24 Feb 14 by member: toolmannc1
Thanks TX, i was losing weight when i was practicing 16/8, and for me it works. I was also watching my fat and sodium intake and upped my protein. Only then did i get good results...problem started when i went abroad...somehow could not manage the 16/8 effectively but these are relatively small time windows and i am looking forward to gettin back on track again! 

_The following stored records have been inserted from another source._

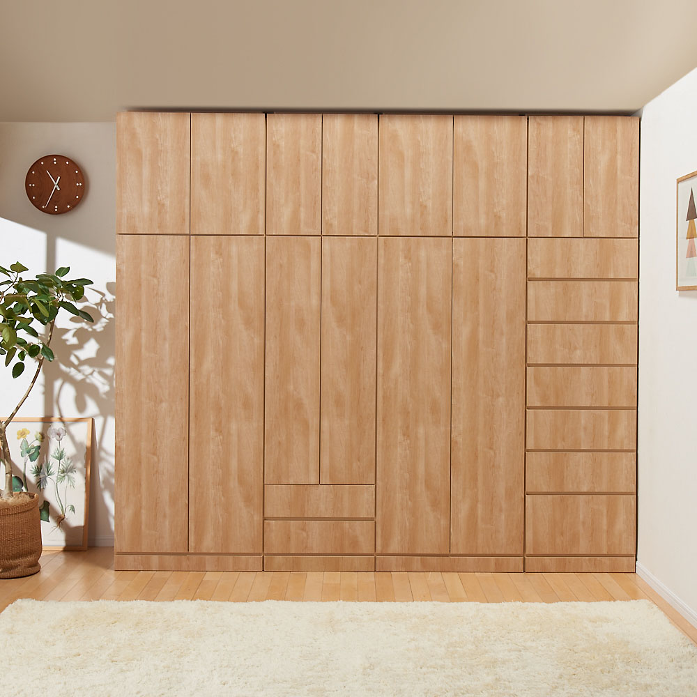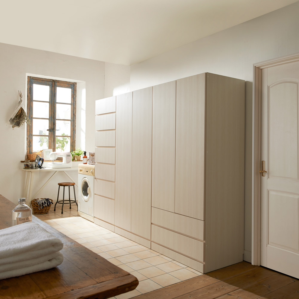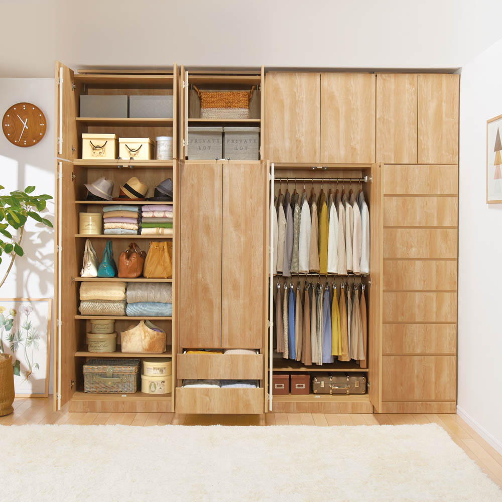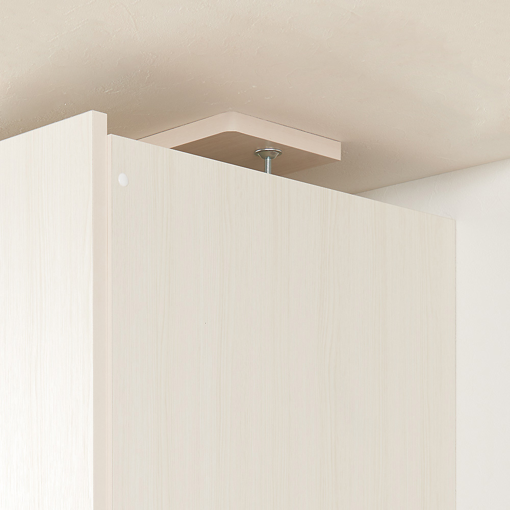さまざまな部屋にマッチする自由自在のワードローブ。まるで備え付けのような上品で美しい定番ワードローブ。リビングや家事室、寝室などでも、たっぷりの収納力を発揮。突っ張り式の上置き使用で天井までギッシリ収納スペースに!【突っ張り対応天井高さ=247〜255cm】廻り縁があっても突っ張れる上置き仕様。さまざまな部屋にマッチする自由自在のワードローブシリーズの上置きです。まるで備え付けのような上品さと美しさ。リビングや家事室、寝室などでも、たっぷりの収納力を発揮。色はホワイト(木目調)、ナチュラル、ブラウンの3色からお選びいただけます。扉はプッシュラッチ式で、ホコリよけの防塵フラップ付き。可動棚板1枚付き。同シリーズのワードロ−ブやタワーチェストなどと組み合わせてご使用ください。天井高247〜255cmに対応します。同シリーズ商品との設置の際に便利な連結機能(連結ボルト)を備えております。同シリーズ本体と組み合わせることで収納力を強化することができます。水拭き可能です。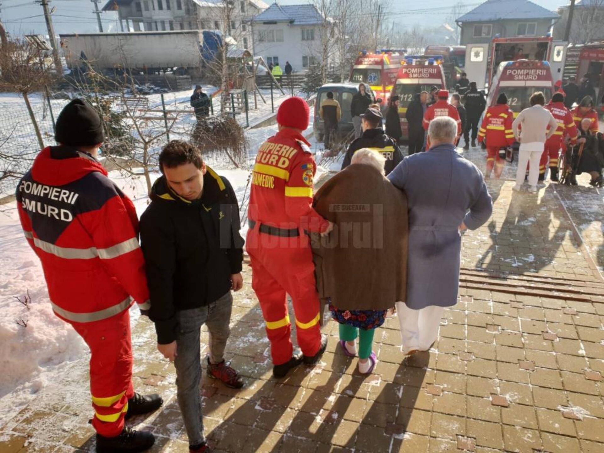 Vârstnicii evacuați din imobil au fost transportați de echipajele SMURD la un alt centru, tot în localitatea Vama.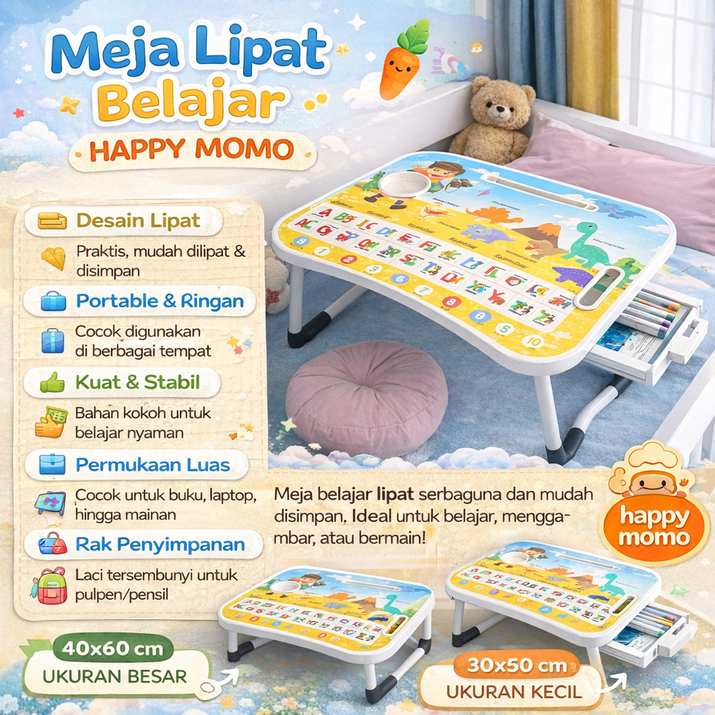 Happy Momo Meja Belajar Lipat Anak Karakter – Meja Sekolah Portable Ringan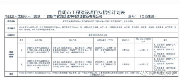 值得一提的是,11月30日云南省公共資源交易信息網(wǎng)亦發(fā)布《官渡區(qū)關(guān)坡片區(qū)城中村及舊城改造項(xiàng)目二期B地塊小學(xué)建設(shè)項(xiàng)目設(shè)計(jì)施工一體化總承包》招標(biāo)計(jì)劃,該地塊規(guī)劃的42班小學(xué)即將動(dòng)工,預(yù)計(jì)投資8400萬(wàn)元。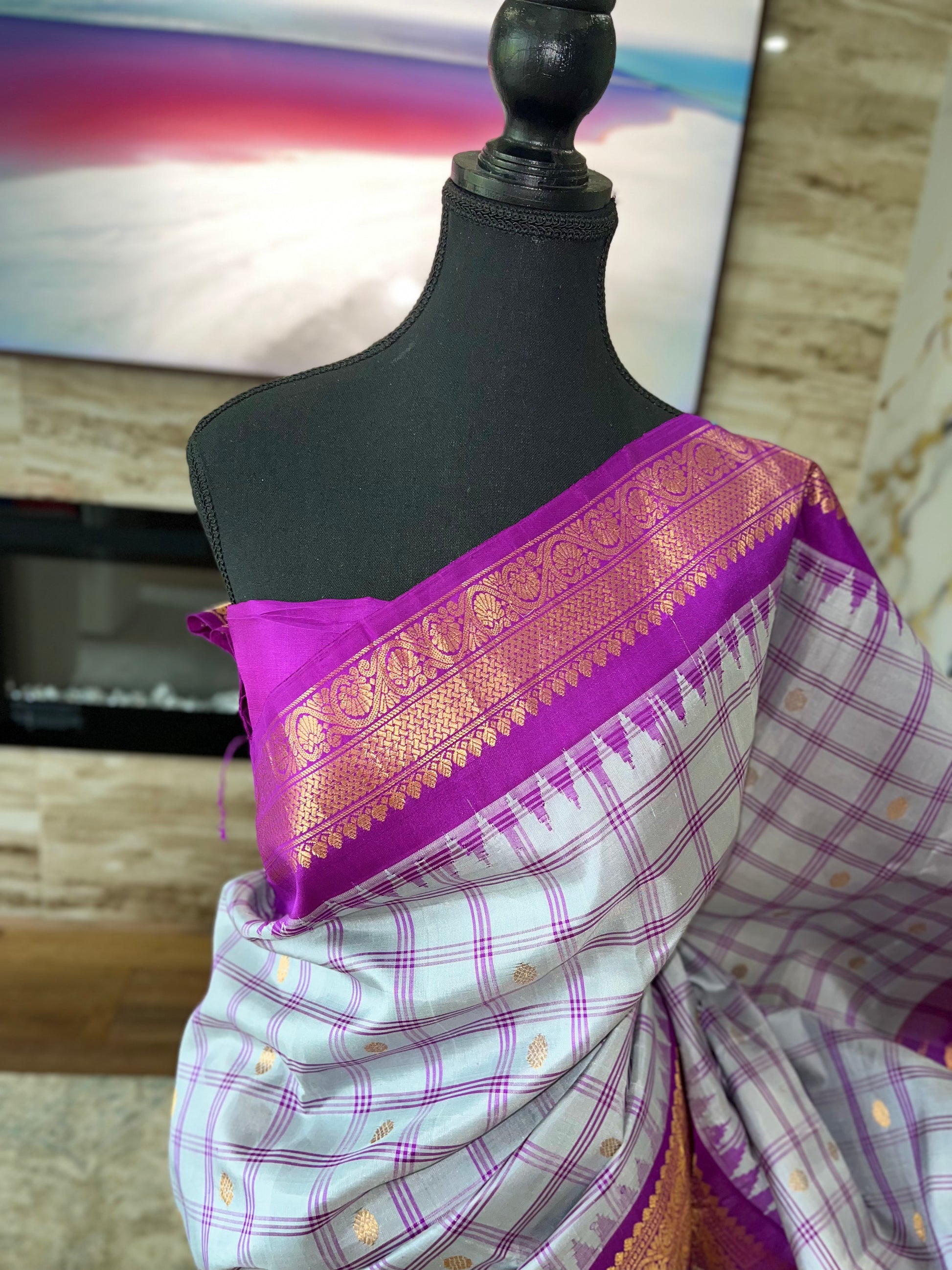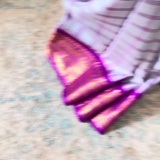 Varnitha is an ode to timeless elegance, handwoven in the legendary looms of Gadwal, where heritage and artistry blend seamlessly. The saree’s ash grey body is adorned with subtle kattam checks in magenta pink, symbolizing harmony, grace, and tradition.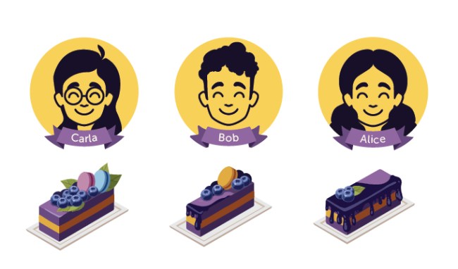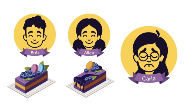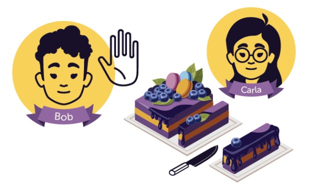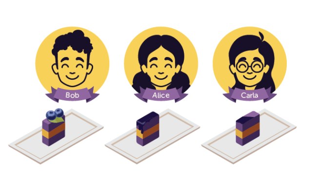 Bob chooses his preferred slice. Alice gets the remaining slice. Everyone appears to be happy with their piece. But Carla, who exited the game early, could still think that Alice’s or Bob’s piece is better than hers. OLENA SHMAHALO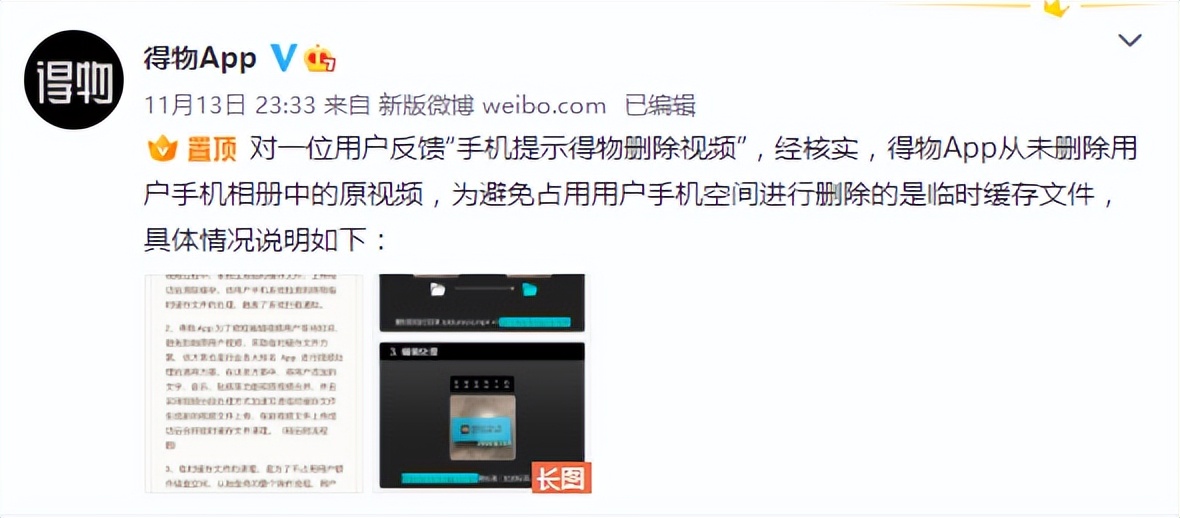 對(duì)此,得物App回應(yīng)表示,從未刪除用戶手機(jī)相冊(cè)中的原視頻,只是為避免占用用戶手機(jī)空間,刪除了其臨時(shí)緩存文件。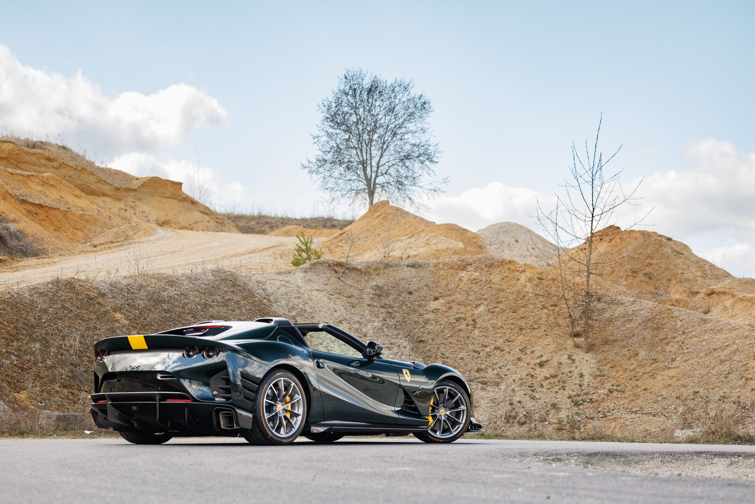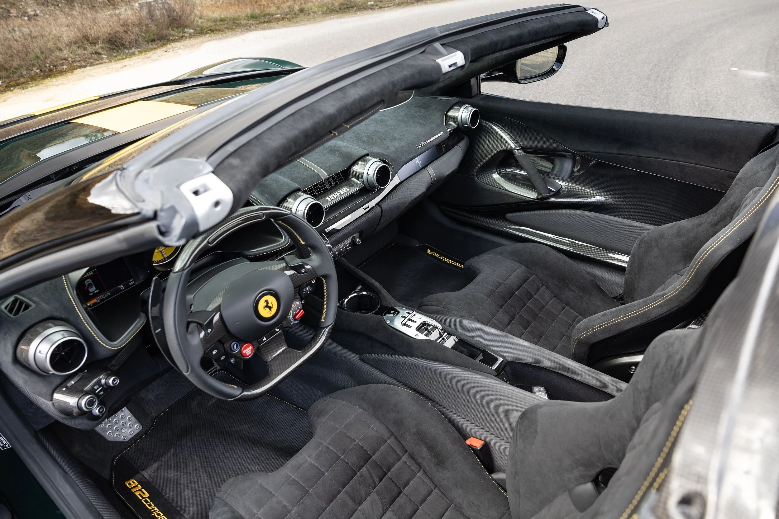 Le châssis ZFF04TMA1P0293816 présenté ici illustre parfaitement cette philosophie d’exclusivité. Livré neuf en Allemagne, il arbore une configuration particulièrement raffinée mêlant une teinte extérieure Verde British Racing à une bande centrale Giallo Fly, un choix rare et spectaculaire qui souligne son caractère unique. L’habitacle, en Alcantara noir, est rehaussé de surpiqûres jaunes et d’un Cavallino brodé dans la même teinte sur les appuie-tête. La voiture bénéficie d’un ensemble d’options d’usine très complet : éléments de carrosserie en fibre de carbone (toit rigide, diffuseur, entrées d’air, couvre-moteur, bas de caisse, poignées intérieures), jantes forgées polies diamant, sièges baquets Racing à motif quadrillé, compte-tours jaune, système hi-fi haute puissance, Apple CarPlay, phares adaptatifs, suspension lifter, écussons Scuderia peints à l’aérographe et pneus Pirelli à marquages colorés. L’ensemble est accompagné de tous les livres et outils d’origine.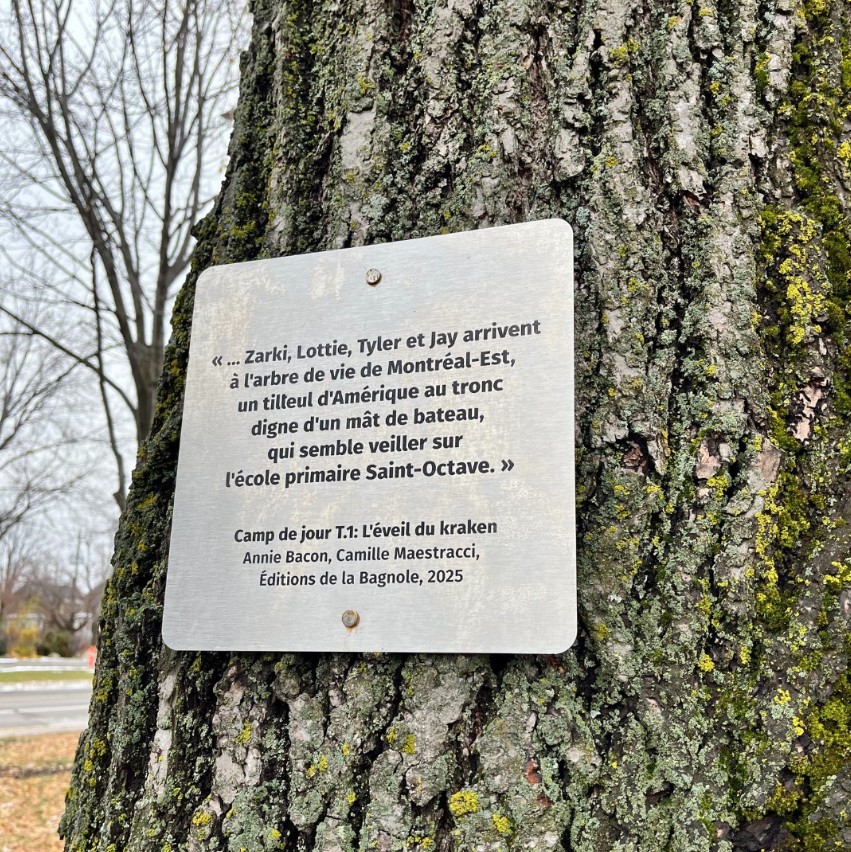 Je vous avais parlé il y a quelques semaines de ce projet fou de la ville de Montréal-Est de mettre une plaque sur le Tilleur d’Amérique que j’ai identifié comme étant un « Arbre de vie » dans mon roman Camp de jour.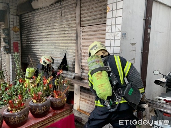 ▲消防人員用破壞工具將鐵門破壞搶救受困民眾。(圖/桃園市消防局提供)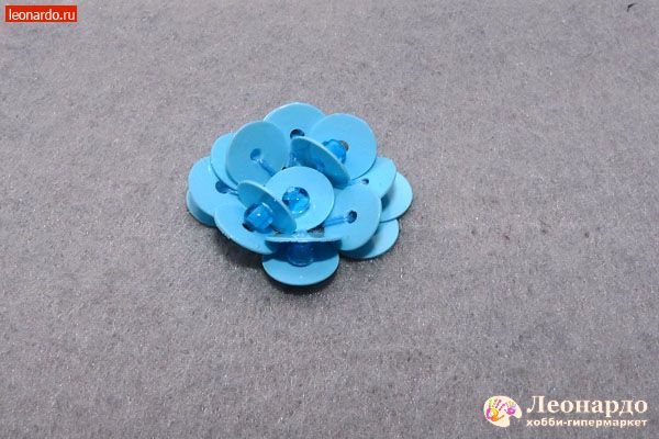 6. Если добавлять по очереди: пайетку, бисерину, пайетку и пришивать все по кругу, то с помощью объемного пришивания можно делать цветочки.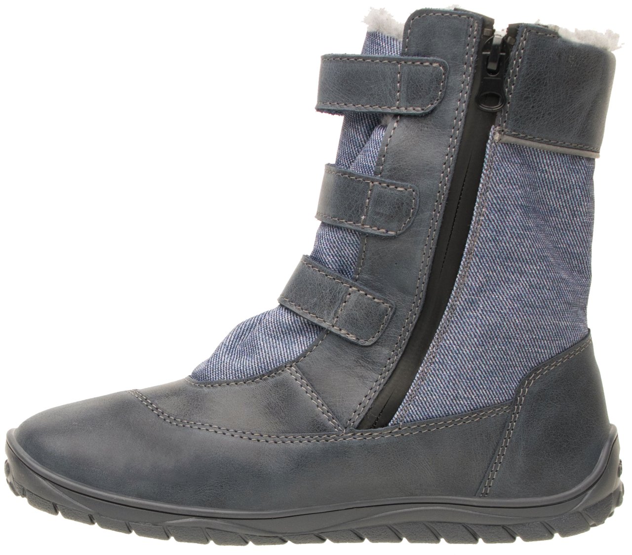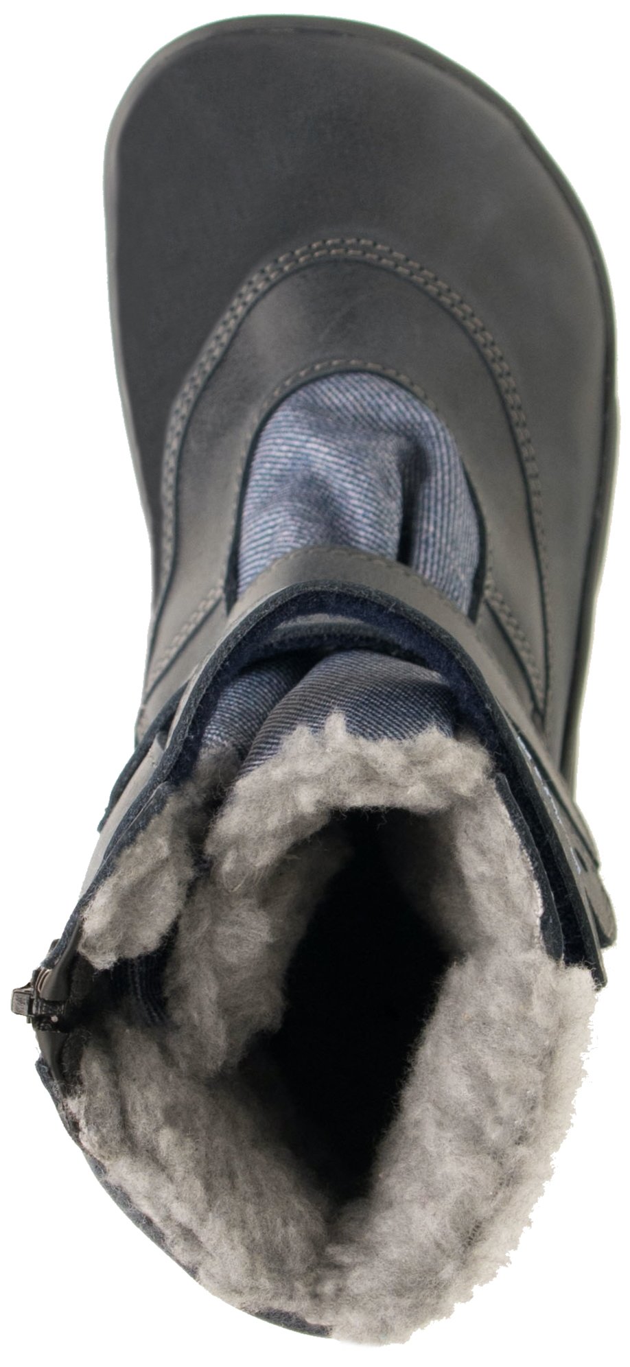 Zimní štróblovaná polovysoká obuv, na suchý zip, s bočním zipem. Našívací (štróblovaná) stélka umožňuje lepší flexibilitu boty. Vrchový materiál: přírodní hovězinová useň lícová v kombinaci s textilem.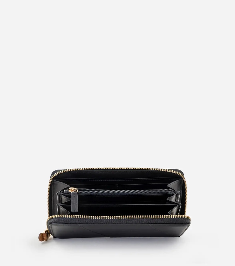 Il portafoglio zip around Celtic Nappa sfoggia un look lussuoso grazie alla pelle nappata, percorsa da tagli obliqui che incorniciano nell’angolo il logo 1C. L’interno è progettato per mantenere ben organizzato tutto l’essenziale per gli acquisti, rendendolo estremamente funzionale. Ideale da abbinare alle borse della Linea.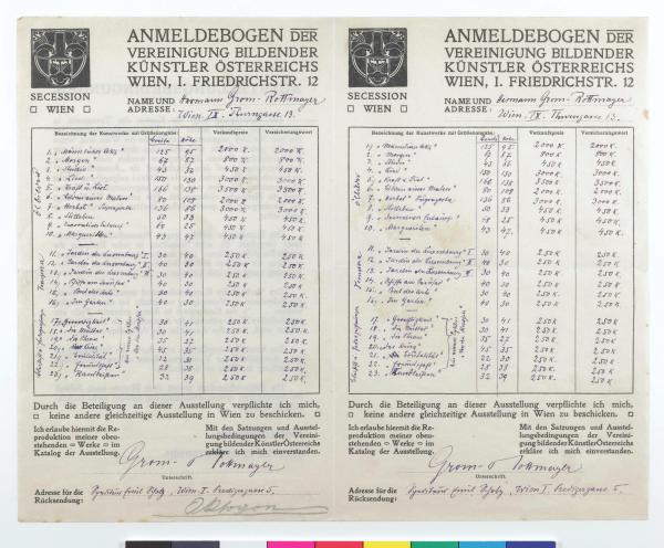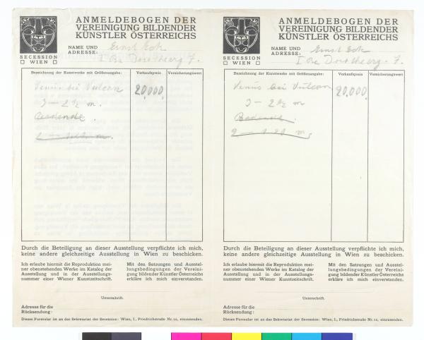 Anmeldebogen für die Winterausstellung in München, 1911

24 Feb 14 by member: Jenfar
Sarah, that's exactly correct. Typically on a 16/8 IF, you will eat all of your day's calories from noon until 8pm or from 1pm until 9pm. However, you can pick any 8 contiguous hours that work for you. 
24 Feb 14 by member: TXSnowman
Toolman, try this - http://www.ncbi.nlm.nih.gov/pmc/articles/PMC3253005/ They studied 20 healthy 23 yr old males over a six week period of controlled diet and exercise with the only variable being that half exercised while in a fasted state and half in a normal fed state. The results showed that those in a fasted state burned fat at a significantly higher rate than those that were not fasting. The results also showed that exercising in the fasted state prevented a drop in blood glucose levels during exercise as compared to the fed state. Finally, training in a fasted state showed an increase in oxidative capacity which is likely to increase aerobic capability and endurance performance over time 
24 Feb 14 by member: TXSnowman
Thanks Tx and Draglist for the resources.I had read an article in Muscle and Fitness years ago but couldn't find it. I thought I was doing the right thing but this gives credence to my method of madness. LOL 
24 Feb 14 by member: toolmannc1
Hi Tx - great post. Just checking in after 2 weeks away and it sounds like you are doing great! By your post it sounds like I should get back to getting my exercise in in the morning. I was doing this while on vacation and that along with low carbing seemed to keep my weight gain acceptable. I missed all of your words of wisdom... Cheers and have a great day!